In a recent post I introduced the Steam Community API, and showed how to retrieve gamer data and perform a few simple but fun analyses.

While writing the posting, I came across several problems associated with the data that's returned. If you're thinking about using Steam Community data, it's worth bearing these anomalies in mind because of the impact they'll have on downstream processing and further analysis.

Frustratingly, the quality of the data available through the Steam Community API is quite variable - in particular there are many discrepancies between global achievement data compared to achievement data for individual players. I also came across several global achievement rates that were clearly invalid, and in some cases found that global achievement records for games were totally missing.

The net result: it's hard to trust that the data that's returned. It is still possible to analyze returned data, but you're going to need strong validation, normalization (e.g. of player achievements against a 'gold standard'), and potentially multiple attempts to retrieve equivalent data to ensure what you have is accurate.

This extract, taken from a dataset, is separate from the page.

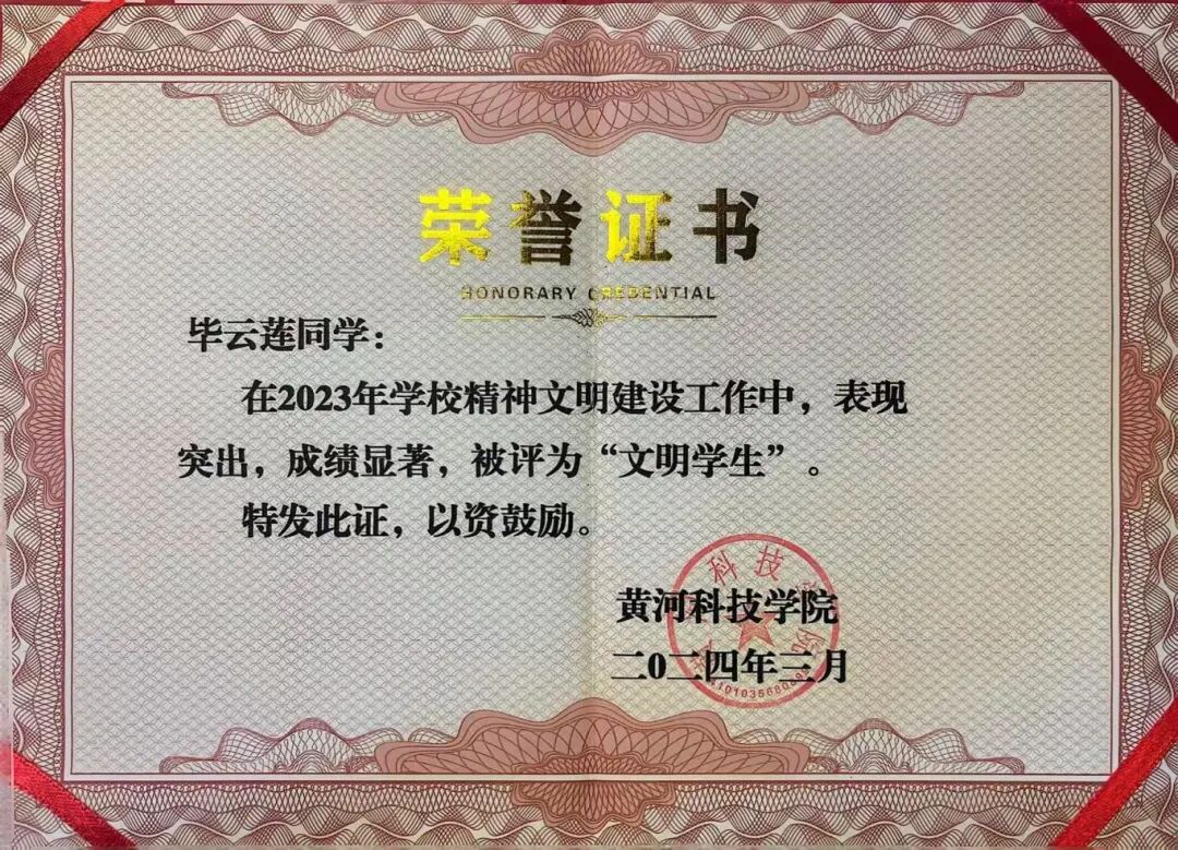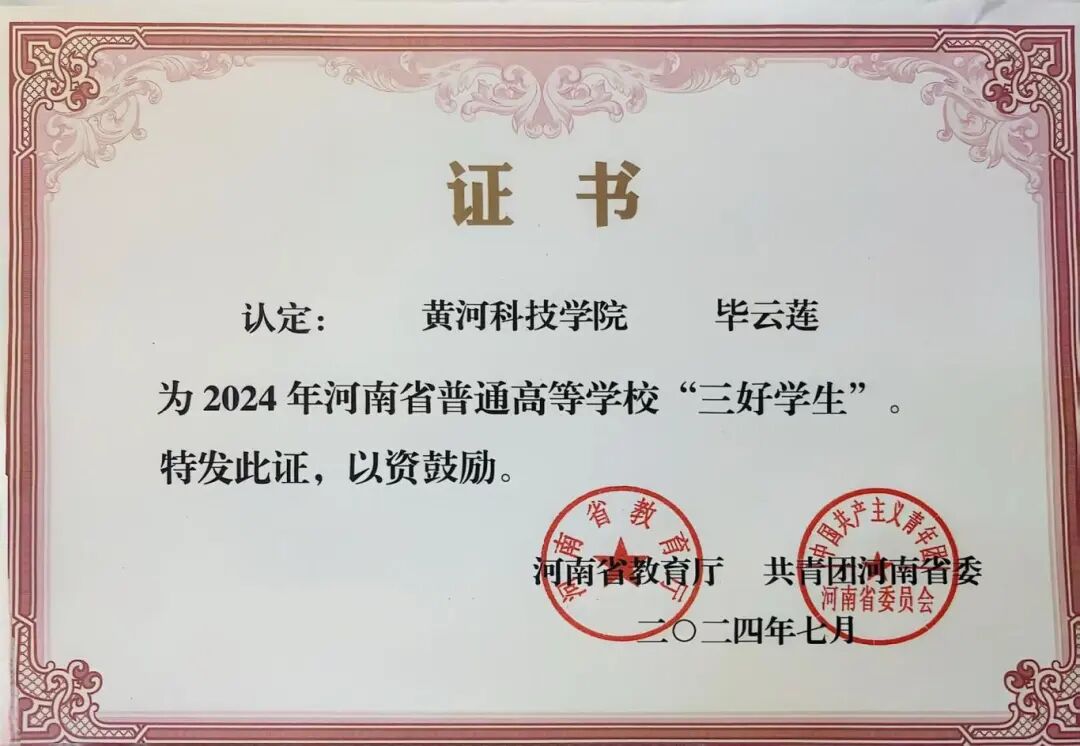 毕云莲,女,中共党员,古天乐太阳集团城古天乐太阳集团城2022级英语专业四班本科生,辅修法学专业,现任班级团支书,曾任古天乐太阳集团城第一届资助宣传大使等。曾获国家励志奖学金两次、河南省三好学生、校级优秀共青团干部、全国大学生英语竞赛省优秀奖等二十余奖项。在校期间,我始终将服务集体、助力同伴视为己任。在承担的多项工作中,我主动作为,力求在关键环节发挥骨干作用,并以此鞭策自己,希望能通过实际行动辐射积极的榜样力量。这段经历也鞭策我在学业、能力与品德上追求全面发展,不断提升个人综合素质。

Below, you'll find a (non-exhaustive) list of data quality issues I came across, along with some examples, and a little discussion about the problems they introduced and workarounds I used.

Disclaimer: the issues described here reflect my experience while using the Steam API to retrieve data in bulk, to allow me to analyse data for a large number of gamers. Your experience may differ - if so, please let me know.

"Test" achievements

One of the most obvious problems you might find are spurious achievements associated with games. These include a few that can easily be filtered ("null" or empty names) as well as others that are more problematic - such as many 'test' achievements. For example:

TEST_ACHIEVEMENT
TestAchievement
Achievement_Test

Those readers familiar with the Valve games Portal and Portal 2 will realize why these can't be easily filtered - many valid achievement names include some variation of the word "test", e.g. portal_escape_testchambers.

I only spotted these when querying global achievement statistics, so it's possible that problem may just be a filtering issue on that particular API endpoint.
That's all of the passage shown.